Best positioned Auto Manufacturers for the Future

Fuel cells have been “almost viable” for the past 15 years it seems. I like the technology, but I am not sure what it will take to make it truly arrive. Maybe $200 oil will do the trick. Or maybe it will be like fusion power. As for Hydrogen, I’ve always wondered about how to store it effectively. If hydrogen leaks, it will be very light and just float upwards, but it is essentially a highly reactive acid, and you really don’t want to get it in your lungs.

grizzums Wrote: ------------------------------------------------------- > Best play in the auto space to position a > portfolio for is not a manufacturer at all, but > rather the auto parts retailers. The current > macro backdrop and consumer behaviorial shifts > sets parts retailers up well and several of them > are sitting at some (increasingly) attractive > valuations. I am long two names in particular, > but Ill hold back the names as not to “pump” my > picks. Id personally look for companies with > increasing market share, solid earnings despite > headwinds, affirmed credit ratings (I don’t put > much faith in ratings agencies however) and ones > that, I don’t know, are looking to buy back $500 > million of their stock… :slight_smile: > > PS I hedge all positions I take. > > Good luck. You are hedging against market risk, so you basically have a market neutral portfolio? Or do you mean some other kind of hedge?

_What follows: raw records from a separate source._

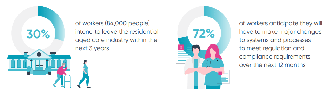 The Ideagen research also found 71% of aged care providers are struggling to recruit and retain enough RNs to meet the 24/7 RN and 200 direct care minute requirements. 53.8% of aged care providers said it is either ‘difficult to achieve’ or ‘moderately challenging’ to have a 24/7 RN on site and on duty at their facility. A further 12% said it was ‘impossible to achieve’. You can download the full report here.
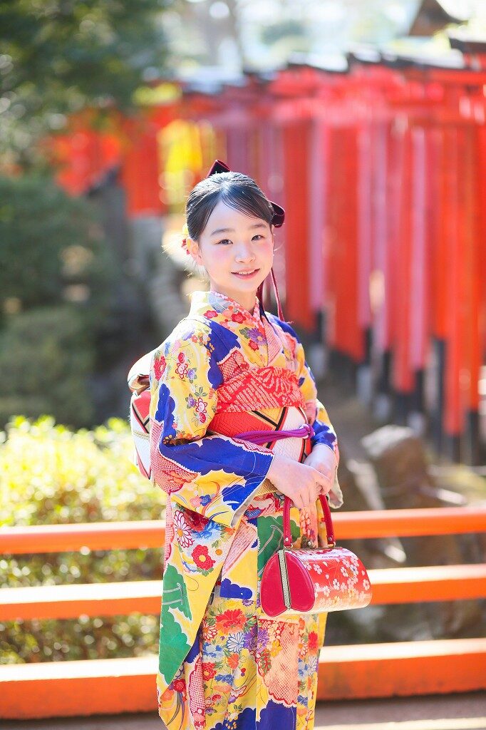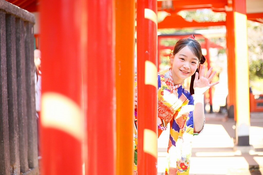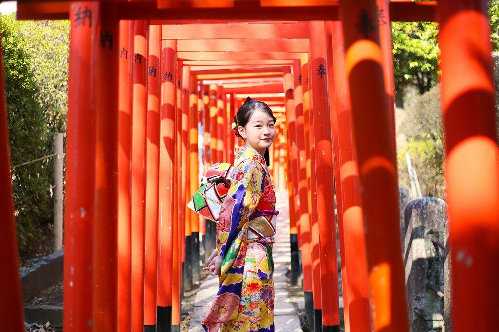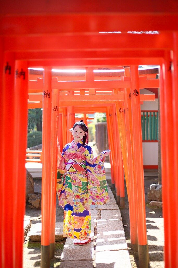 赤い鳥居に、着物姿が映えます。 もちろん、撮影中も神社参拝客のみんながお嬢様に釘付け。
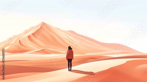A solitary figure stands in a vast desert landscape, gazing at a distant sand dune under a clear sky.
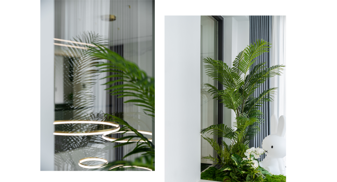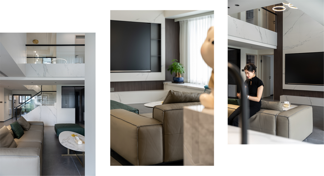 A fresh and elegant color scheme, the gray and wooden TV walls are simple yet aesthetically pleasing. More often than not, the choice is to leave white space and create an atmosphere with lighting.
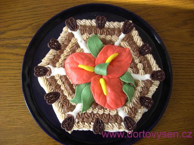 Lehký piškot bez tuku a prášku do pečiva ve tvaru šestiúhelníku, pařížská šlehačka, bílá šlehačka, banány a antúrie z belgického fondánu White icing.
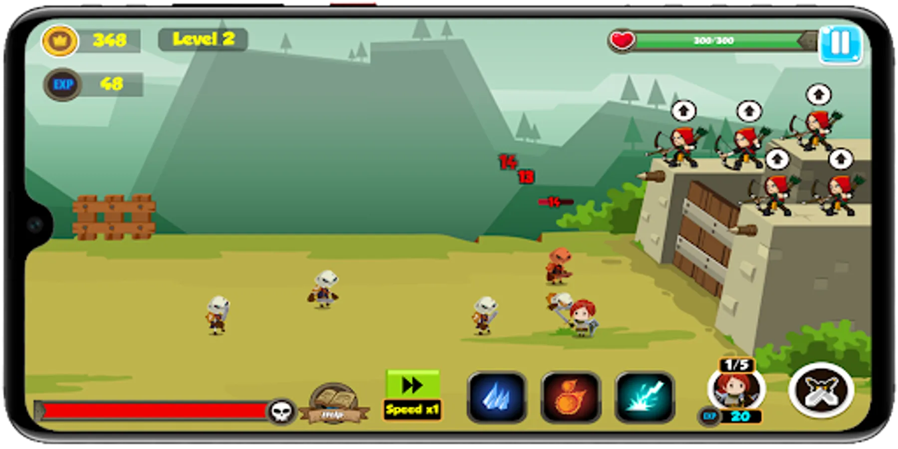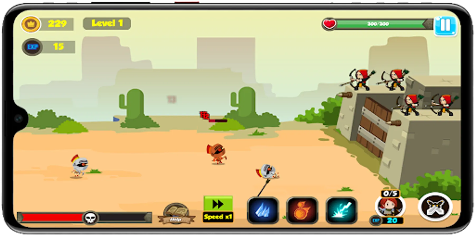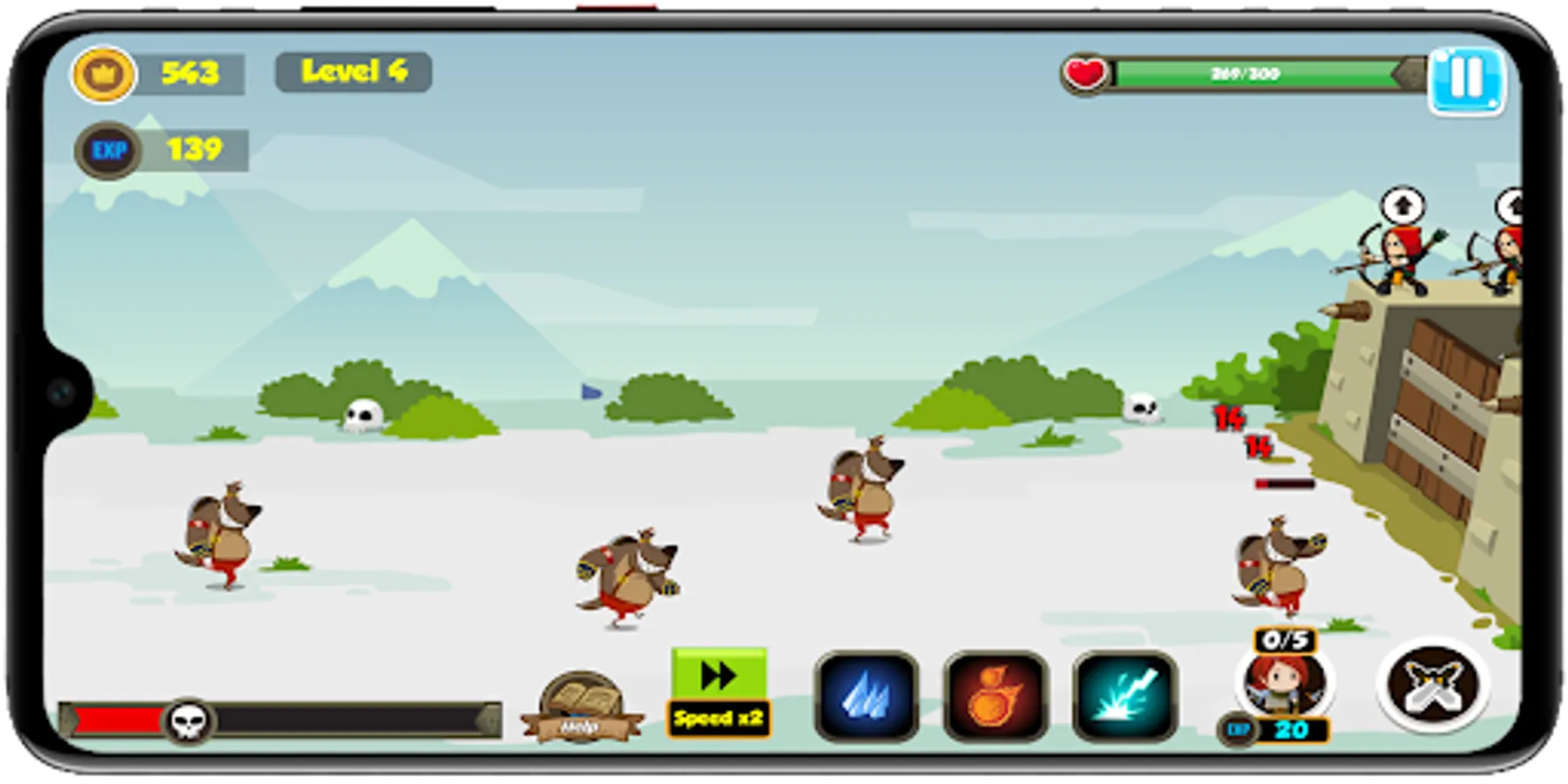 Hay muchas habilidades pasivas y activas para que elijas y uses. Puedes usar monedas para mejorar estas habilidades y mejorar a tus soldados para lidiar con enemigos más fuertes.

Keep in mind that I am just speaking of my own personal portfolio…I am not in the industry. It depends on which account I am trading/speculating with, but yes, I take a market neutral approach. As you probably know, “market neutral” is simply a broad term with many different strategies used to accomplish it. Sometimes I will work to neutralize my risk for an entire portfolio via index futures and other times (in other accts.) I will simply use long/short strategies with individual securities. I do not get into complex market neutral strategies. As an example of a particular strategy of a long/short opportunity I might use, let me take a look at the retail sector. I walk the aisles of a Wal-Mart looking to get ahead of price changes that may affect earnings in an inflationary environment because they rely on purchasing items in bulk and profit on very slim margins. Noticing prices on non-discretionary items moving up across the board is an indicator that it is time to rip through the sector’s next earnings estimates for the upcoming q’s to see which co’s are positioned well enough to be able to absorb the costs and those that tread on too thin of margins and will have to raise prices to cover decreased sales and higher expenses. After making those assessments, I am ready to pull the trigger on a long/short individual security strategy. Over this past year+, it was quite obvious to those of us working in the construction field and speculating in real estate that prices had gotten way out of control and many were blinded by inflated market euphoria. It was also quite clear that with a ridiculous ethanol mandate where we burn the world’s food supply while refusing to permit clearing ground to increase the capacity for the growers, grains were an easy money maker. This is an example of where positioning a portfolio in a long/short strategy (sector wise) was a clear one to make. re: auto parts - I have been utilizing a long/ short strategy since the beginning of the year that tips my long hand towards the parts retailers while shorting the manufacturers. Being long AZO and short GM has worked out well. By listening carefully to some friends that have been at this for a lot longer than I and simply paying attention to what is occurring in the “the real world”, I try and learn what works and what doesn’t. Best of Luck.